Second, arbitration provides a higher degree of confidentiality. In contrast to court proceedings, the public and press are not entitled to be present at hearings. This significantly reduces the risk that the press becomes aware of the case. Considering the reputational damage negative or biased press coverage may have, this is a factor speaking strongly in favor of arbitration.
Third, arbitration may be the preferred choice for Swiss financial institutions if the customer or business partner is not willing to agree to litigation in Switzerland. Arbitration can be invoked as neutral alternative to agreeing to the jurisdiction of foreign courts. Not only can the risk of a biased court be avoided but also proceedings with a very long duration. Even in jurisdiction with a court system known to be efficient, the possibility of several instances of appeal renders arbitration with its very limited opportunities to appeal the award more attractive.

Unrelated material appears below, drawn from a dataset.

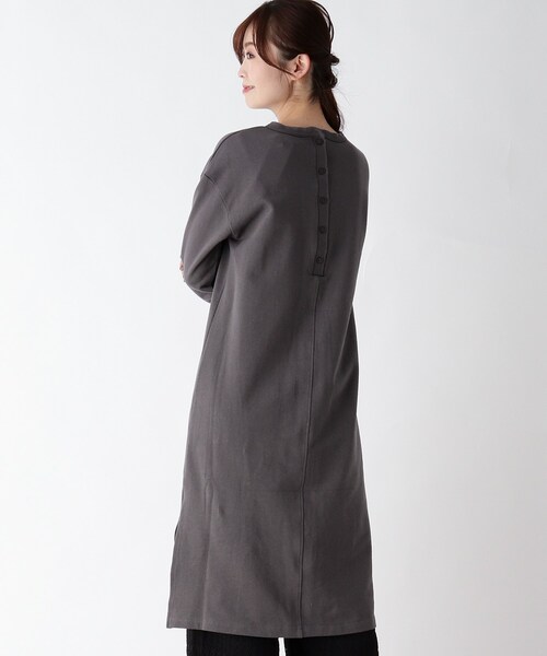 【デザイン】ヘンリーネックがポイントになったバックショットが印象的なワンピース。ドロップショルダーのゆるっとしたシルエットに、センターシームのデザインが効いています。サイドのスリットで長めの丈でも足さばきバッチリなうえ、レギンスやカットパンツとも相性◎【生地感】デイリーに取り入れやすい、着心地良好なコットン(綿)100%素材。こちらの商品は主に春に着用いただける商品です。モデル情報:身長166cm B83 W58 H85 着用サイズ:38(M)店舗へのお問い合わせ商品番号:763-52206●製品寸法:38(M):着丈102cm B95cm 袖丈50cm 肩幅49cm W96cm H103cm40(L):着丈104cm B98cm 袖丈51cm 肩幅50cm W101cm H107cm42(LL):着丈106cm B104cm 袖丈52cm 肩幅52cm W106cm H111cm備考:

Other advantages of arbitration are that arbitrators with specific expertise and experience in banking law and/or with finance disputes may be chosen and that the proceedings can be conducted in English.
Are the usual concerns still justified?
The availability of interim relief is still perceived as argument in favor of litigation (and against arbitration). This perception is, however, unjustified and outdated considering that the rules of the major arbitration institutions today provide the possibility to request interim relief from an emergency arbitrator. As a consequence, interim relief against a contractual party can also be obtained swiftly before the constitution of the arbitral tribunal. Likewise, if arbitral proceedings have already been initiated and the arbitral tribunal constituted, interim relief can be obtained from the arbitral tribunal. While in case of non-compliance, state courts need to be involved to enforce the interim relief granted, parties have an incentive to comply voluntarily in order not to displease the arbitral tribunal.

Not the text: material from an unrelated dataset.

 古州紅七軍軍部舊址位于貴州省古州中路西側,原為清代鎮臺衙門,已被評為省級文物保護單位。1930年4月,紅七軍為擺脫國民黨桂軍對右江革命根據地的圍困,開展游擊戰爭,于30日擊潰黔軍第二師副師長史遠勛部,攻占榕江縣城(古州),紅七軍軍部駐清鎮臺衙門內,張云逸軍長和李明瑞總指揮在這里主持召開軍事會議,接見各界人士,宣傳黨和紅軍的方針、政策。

Alternatively, interim relief can be requested directly from a state court. The arbitration clause does not bar the parties to do so.
Further concerns raised include the proper application of Swiss law. These concerns stem from the fact that the arbitrators may not be Swiss qualified lawyers and that awards cannot be challenged based on the improper application or wrong interpretation of Swiss law before the Swiss Federal Court. These concerns can be addressed by including an arbitration clause requiring all or the presiding arbitrator to have certain qualifications in Swiss law. In addition, arbitral tribunals tend to consider the relevant literature and case law much like state court judges.
In conclusion, it seems that the financial industry's strong preference of state court litigation is no longer justified. For certain contractual relationships financial institutions regularly are parties to, arbitration offers significant advantages compared to state court litigation in Switzerland.